Effect of puerarin on GPX4 and ferritin expression, MDA, iron, and GSH production in the mammary gland. Twenty-four hours after puerarin treatment, the mammary gland tissues were collected, and the MDA, iron, and GSH production in mammary gland tissues were detected by the detection kits. The expression of GPX4 and ferritin was detected by western blot analysis.
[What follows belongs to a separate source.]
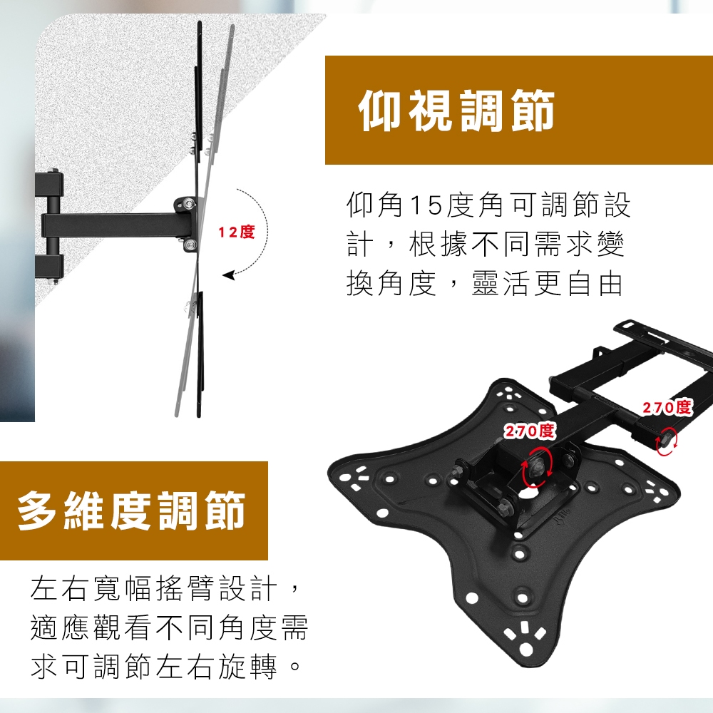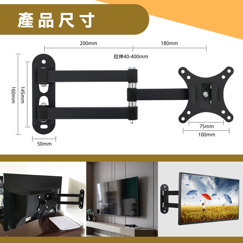 【台灣現貨】10~75吋 多角度螢幕壁掛架 電腦螢幕 電競螢幕支架 螢幕架 電視架 電視 伸縮 壁掛架 適合 LG10~26吋【蝦店限6台】|17~42吋【蝦店限3台】|14~60吋 金屬加厚【蝦店限2台】|32~75吋_【不能蝦皮店到店】|14~24吋上下左右調整【蝦店限10台】|2米 HDMI高階8K認證線x1|14~42吋_俯仰調整【蝦店限6台】|26~55吋_俯仰調整【蝦店限2台】|42~70吋_俯仰調整【不能蝦皮店到店】|14~42吋【蝦店限3台】|10~27 英吋【蝦店限2台】TV Bracketsi-gota官方旗艦館|昶興電子

The values presented are the mean ± SD and were analyzed using one-way ANOVA. ^#P < 0.01 indicates a significant difference from the control group; **P < 0.01 indicates a significant difference from the S. aureus group.

Fig 5

Effect of puerarin on NF-κB activation in the mammary gland. Twenty-four hours after puerarin treatment, the mammary gland tissues were collected, and the expression of NF-κB signaling pathway proteins was measured by western blot analysis. The values presented are the mean ± SD and were analyzed using one-way ANOVA. ^#P < 0.01 indicates a significant difference from the control group; **P < 0.01 indicates a significant difference from the S. aureus group.

Fig 6

Effect of puerarin on SIRT1, p53, and SLC7A11 expression in the mammary gland. Twenty-four hours after puerarin treatment, the mammary gland tissues were collected, and the expression of SIRT1, p53, and SLC7A11 was measured by western blot analysis. The values presented are the mean ± SD and were analyzed using one-way ANOVA. ^#P < 0.01 indicates a significant difference from the control group; **P < 0.01 indicates a significant difference from the S. aureus group.

Fig 7

SIRT1 inhibitor reverses the inhibition of puerarin on S. aureus-induced inflammation and ferroptosis. The effect of puerarin on the viability of mMECs was detected by the CCK8 method. mMECs were treated with EX-527 (10 µm) and puerarin (60 µm) and stimulated with S. aureus. Samples were collected after 24 hours for follow-up testing. The expression of IL-1β and TNF-α was detected by qRT-PCR. The production of ferroptosis indicators (MDA, GSH, and Fe²⁺) was detected by the detection kits. The values presented are the mean ± SD and were analyzed using one-way ANOVA. ^#P < 0.01 indicates a significant difference from the control group; **P < 0.01 indicates a significant difference from the S. aureus group.